JUAN AGUSTIN ET AL., PLAINTIFFS; VICTOR DEL ROSARIO,


APPELLANT, VS. BARTOLOME INOCENCIO, DEFENDANT AND
APPELLEE.
DECISION

TRACEY, J.:
The parties to this controversy, who had been conducting a partnership as industrial partners
without capital, contributed from its profits the sum of P807.28 as a fund toward the
construction of a casco for use in their business, to which they added P3,500, borrowed from
Maria del Kosario, the wife of the defendant, Bartolome Inocencio, he being the managing
partner. It is admitted that this total, a little over P4,300, was the estimated cost of the casco,
but in the progress of the work the defendant found that it called for additional funds, which
he advanced to the amount of P2,024.49. It satisfactorily appears from the evidence that this,
amount was necessary in order to complete the work undertaken. Although it would seem1
that he failed to notify his partners of the various items from time to time going to make up
this sum, it is shown that the books where at all times open to their inspection, and that, being
asked to examine them, they omitted to do so, and that the plaintiff Juan Agustin,
representing all the partners, was also present at the construction of the casco, in charge of the
practical work and cognizant of its needs and its progress.
The work done on the casco having been within the scope of the association and necessary to
carry out its express object, the borrowing of the money required to carry it on, with the
acquiescence if not with the affirmative consent of his associates, was not outside the powers
of the managing partner and constitutes a debt for which all the associates are liable.
The note passed into the hands of the defendant by reason of the successive deaths of his wife
and of their only child, each without debts, and for the amount thereof he became a creditor,
subject, however, to the deduction therefrom of his proportionate part of the indebtedness.
The trial court treated his claim on this note, as well as the sum of P2,024.49 furnished by
him, as an addition to his capital in the firm, rather than as a loan, and this constitutes one of
the grounds of error stated by the appellant. We do not deem it necessary to pass upon this
objection, for the reason that, considered as a loan, this sum would place the defendant as a
creditor in a stronger position as against his associates than if regarded as a mere contribution
to capital. The error, if it be an error, is not, therefore, prejudicial to the plaintiff, but is rather
beneficial to him. The respondent did not except to it.
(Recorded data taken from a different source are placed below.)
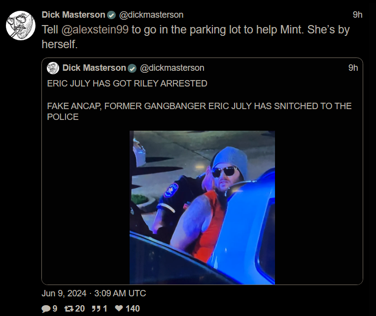 @EricDJuly If you don't believe me that Mint is clearly mentally handicapped here, we can see Dick Masterson begging one of his followers to go Pick Mint up because she is unable to care for her own welfare and will get lost or hurt without a caretaker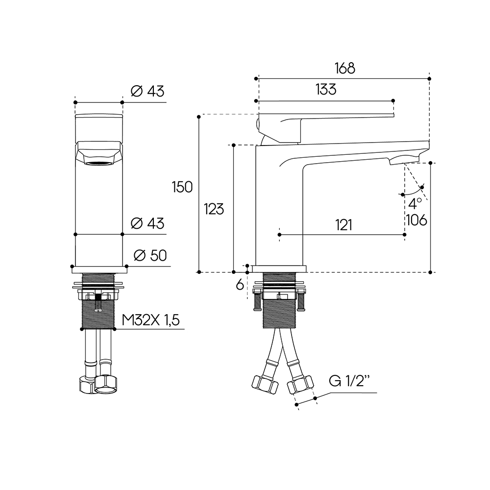 ГЕОМЕТРИКО/GEOMETRICO, Смеситель для раковины L, Хром GEO0300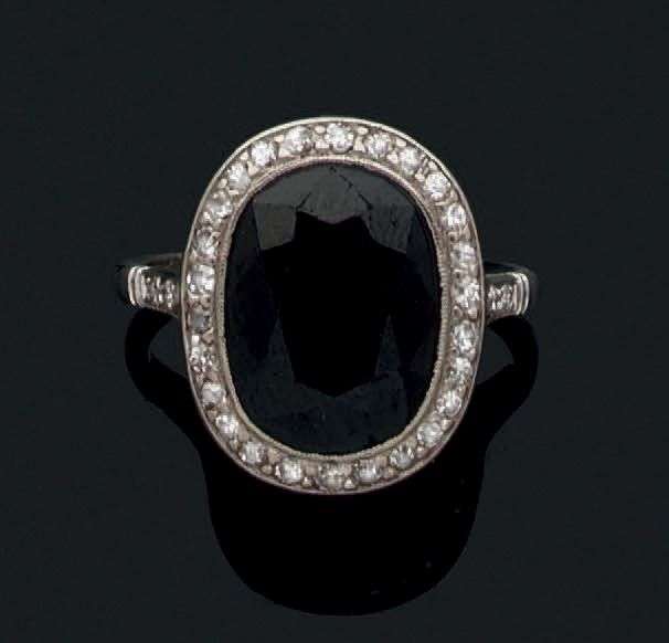 Bague en or gris 18k sertie d'un saphir ovale dans un entourage de diamants taille huit huit.
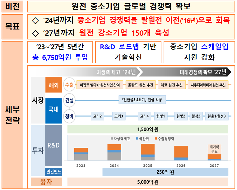 또 2024년부터는 시중은행과 협력해 250억원 규모의 ‘원전 중소기업 경쟁력 강화 펀드(가칭)’를 조성한다.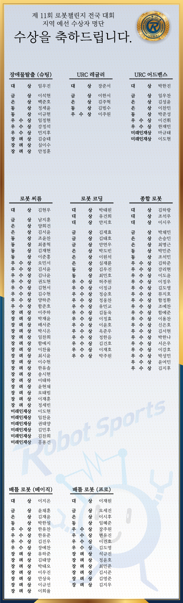 Á¦11ȸ ´ëÇѹα¹ û¼Ò³â ·Îº¿½ºÆ÷Ã÷ Àü±¹ ´ëȸ (¿µÁ¾) - ¼ö»óÀÚ ¸í´Ü
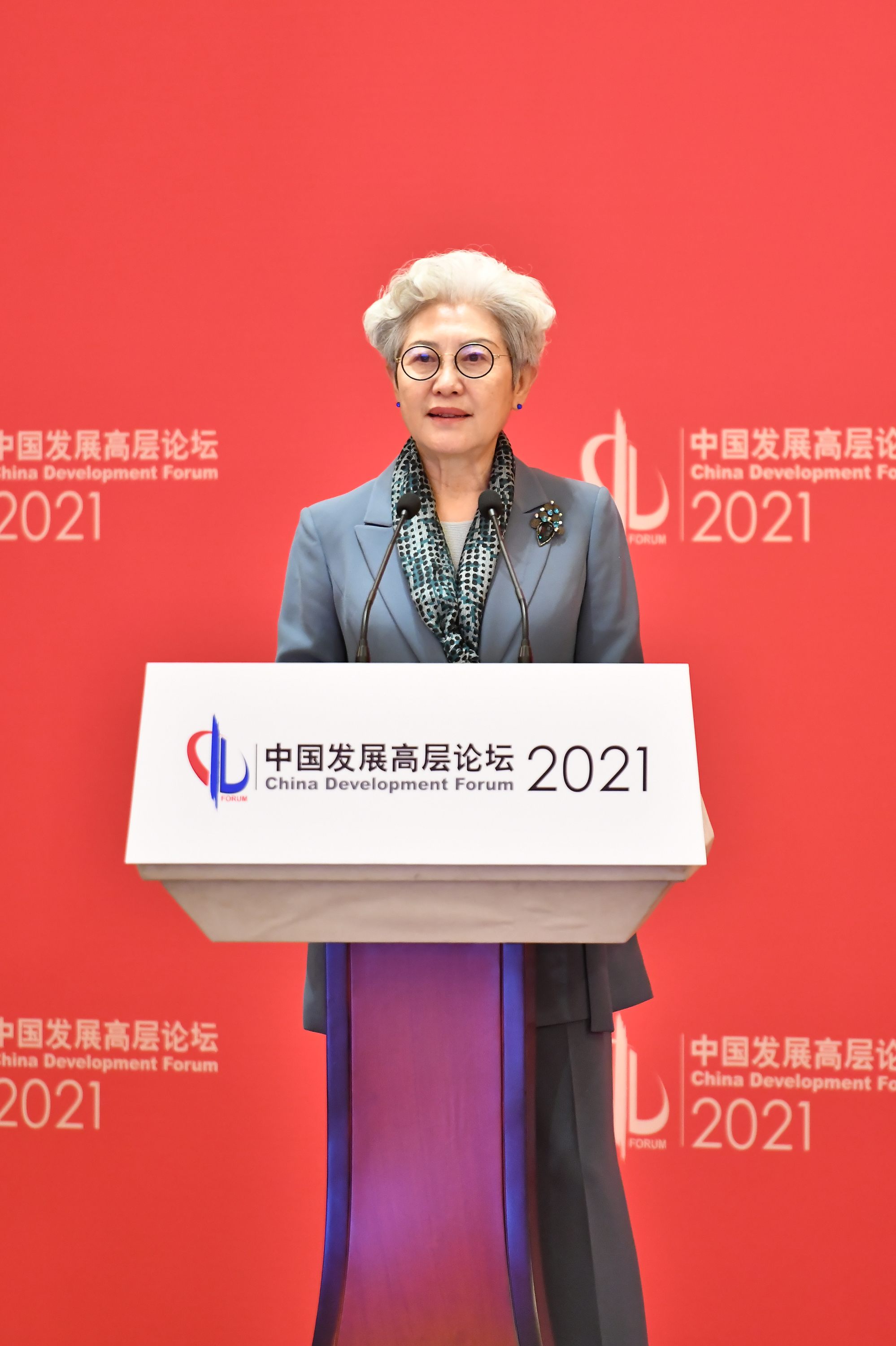 3月20日,清华大学战略与安全研究中心主任傅莹在中国发展高层论坛2021年会经济峰会上发言。新华社记者 李鑫 摄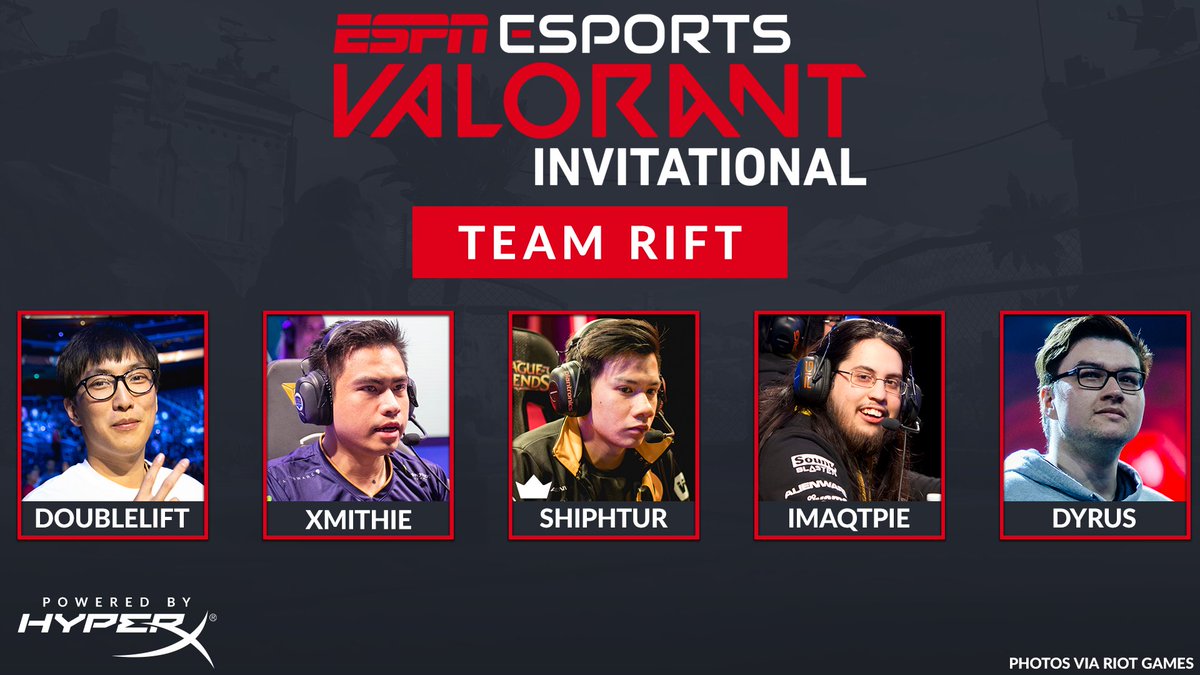 It looks like Xmithie and Doublelift are reuniting... but not where you think. Welcome Team Rift to the ESPN Esports @playVALORANT Invitational! Captained by @Shiphtur, @TLDoublelift, @Xmithie, @imaqtpie and @Dyrus. April 20-22 3 P.M. ET | 12 P.M. PT | http://twitch.tv/espnesports  pic.twitter.com/QdjzK4Sdgd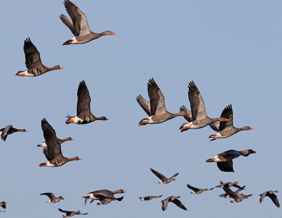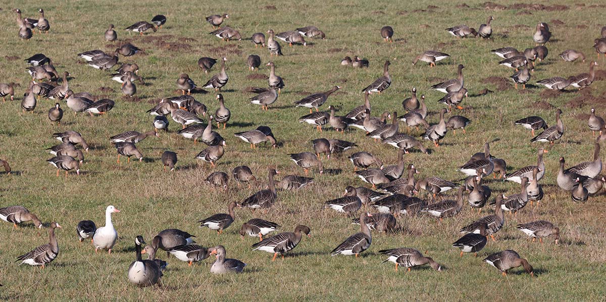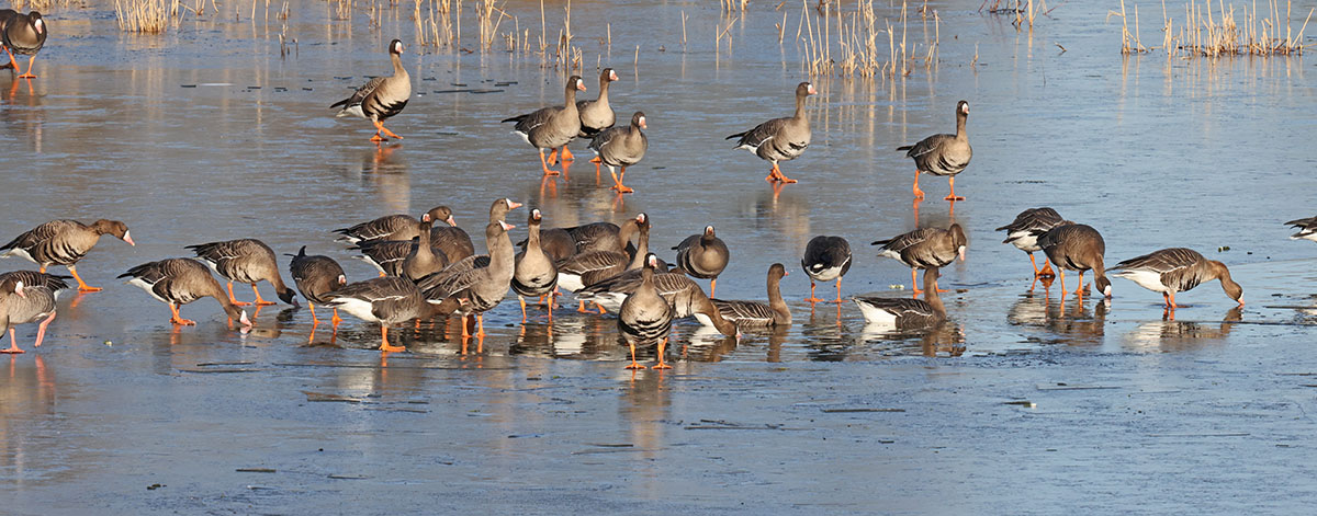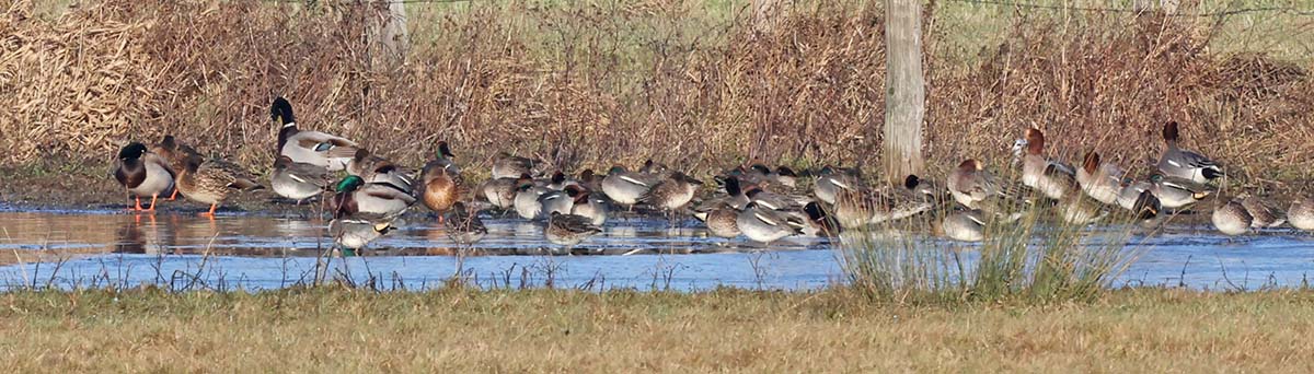 Das sonnig-kalte Winterwetter beschert weiterhin die eine oder andere Beobachtung von Wintergästen und auch schon erste Heimkehrer wie ostwärts ziehende Feldlerchen und in den Hemmerder Wiesen (für mich) den ersten Kiebitz des neuen Jahres. Ebenda auch wieder zahlreiche Gänse und Enten, die teilweise auf umliegenden Feldern Nahrung suchen, so dass das NSG dann wie „leergefegt“ erscheint, bis dann teils mit massenhaften Einflügen sich die Flächen wieder füllen. Heute unter anderem >300 Blässgänse, ~60 Graugänse, >18 Tundrasaatgänse, ~15 Kanadagänse, 2 Rostgänse, ~130 Stockenten, ~80 Krickenten, ~10 Schnatterenten, 4 Pfeifenten, 2 Spießenten, 3 Höckerschwäne, >4 Graureiher.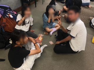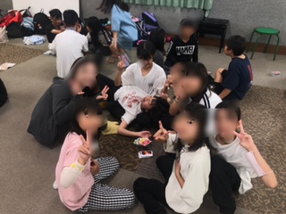 3日目 多目的ホールでの自由時間 先生もいっしょ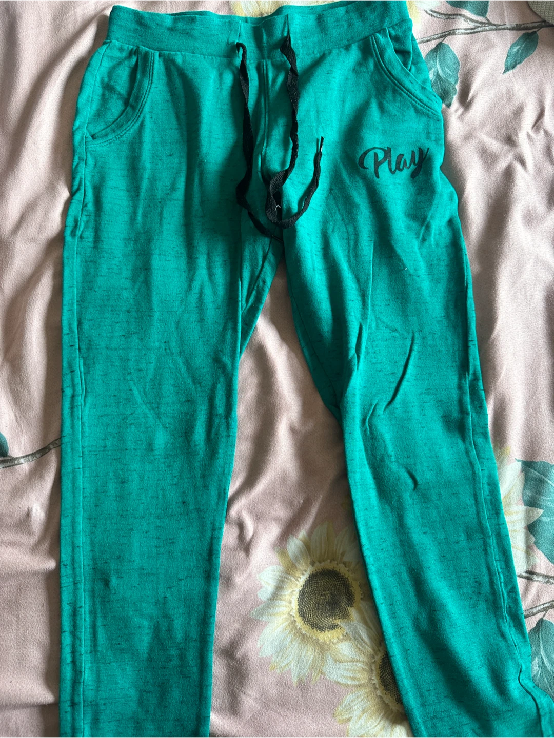Selling green Yamora joggers in size small. They have a drawstring and the word 'Play' printed on the leg. Great for casual wear or lounging around the house!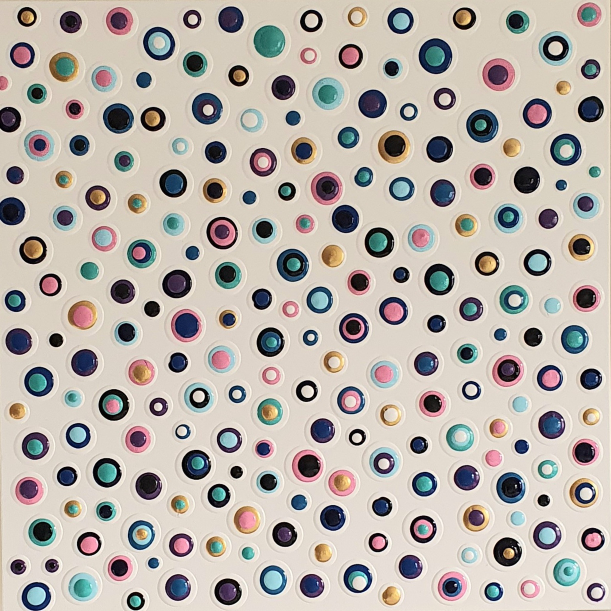 Schilderij met dots, blobs in diverse frisse kleuren op een witte achtergrond. Dit alles in een mooie 3D lijst. Doordat de blobs op het schilderij liggen, krijg je een heel mooi 3D effect. Afgewerkt met een hoogglans vernislaag. Formaat canvas is 50x50x4 cm. Inclusief lijst is het 60 x 60 x 5 cm. Rechtstreeks van de kunstenaar, koper is de eerste eigenaar. Handgesigneerd. Als het schilderij verstuurd moet worden, dan wordt het goed verpakt in bubbeltjesplastic, piepschuim platen en een kartonnen doos.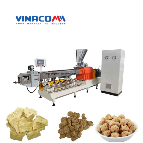 Máy sản xuất protein đậu nành là thiết bị quan trọng trong ngành thực phẩm chay và thực phẩm thay thế thịt. Dây chuyền sử dụng công nghệ đùn trục vít đôi để tạo cấu trúc xơ protein TSP (Textured Soy Protein), giúp thành phẩm có độ dai, nở tốt và giàu dinh dưỡng. Hệ thống vận hành tự động, ổn định, phù hợp nhà máy sản xuất quy mô vừa và lớn.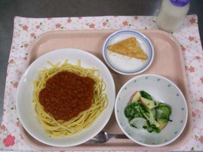 メニューは、スパゲティーミートソース・かぶとりんごのサラダ・ミルクくずもち・牛乳でした。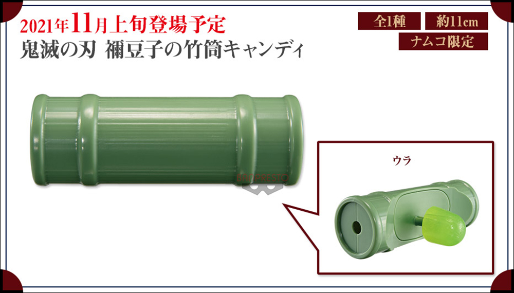 最近日本 BANPRESTO 也推出一系列人氣動漫《鬼滅之刃》的周邊商品,其中最引人關注的莫過於一款禰豆子竹筒造型奶嘴糖。根據官方介紹,這款竹筒全長為 11 公分,在竹筒的中段位置也設計了一顆青蘋果口味的糖果。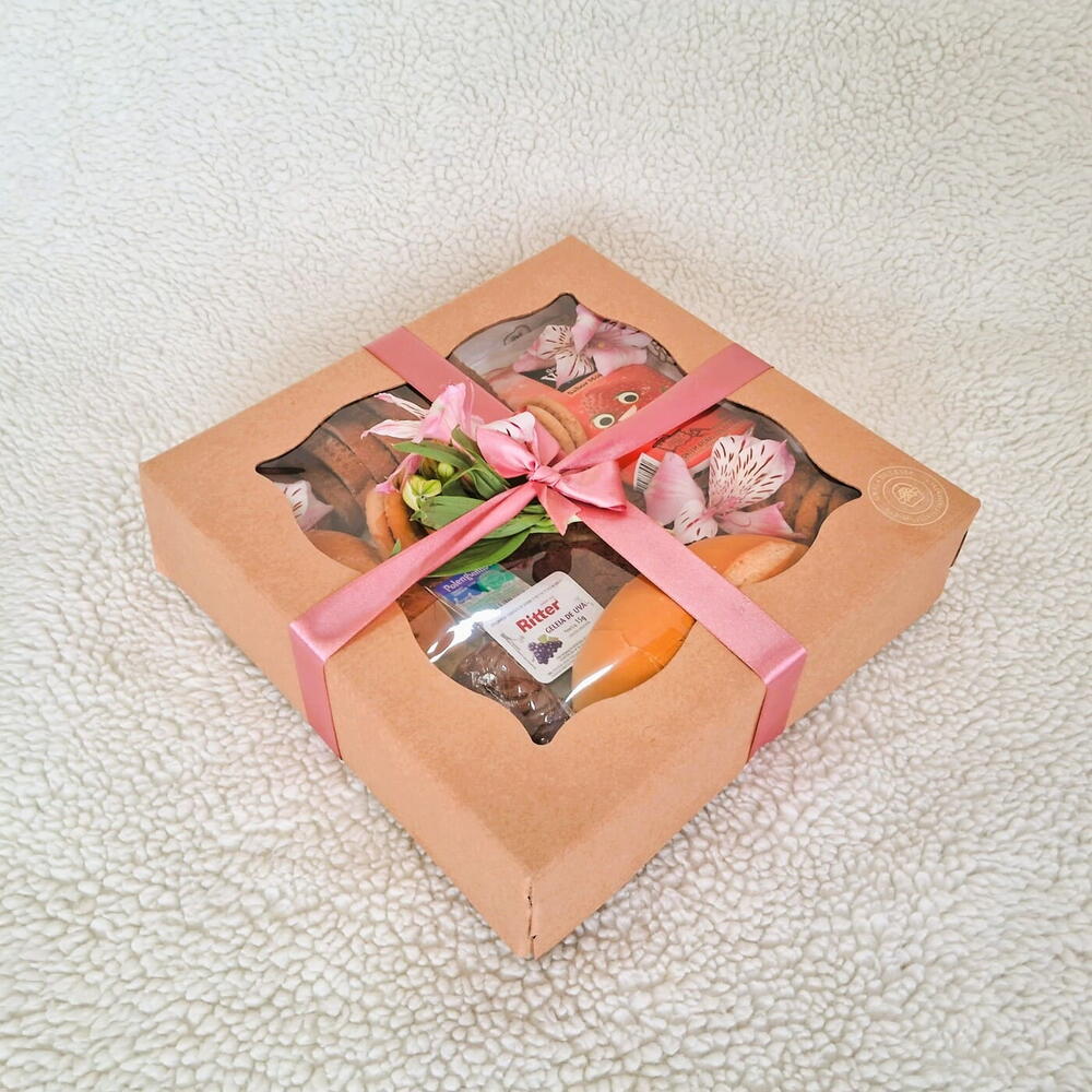 cookies - 1 un. brownie - 1 un. pães - 2 un. mini rocambole - 2 un. porção de torrada - 50 gr. bolacha amanteigada - 1 un. suco ou café - 1 un. mini geleia ou mini manteiga - 1 un. polnguinho - 1 un. cesta kraft com visor e fita de cetim (essa cesta vai embalada em plástico celofane e um lindo laço de cetim) - 1 un.

Various small sums have been paid out of the profits to some of the partners and these were
properly allowed in the judgment.
On the theory on which the action was disposed of, the trial court committed no error in the
computation of the various shares.
Of the four parties plaintiff, but one, Victor del Rosario, is interested in this appeal, which has
been dismissed as to the others, and as to him the judgment of the trial court must be
affirmed, with costs of this instance. So ordered.
Arellano, C. J., Torres, Johnson, and Willard, JJ., concur.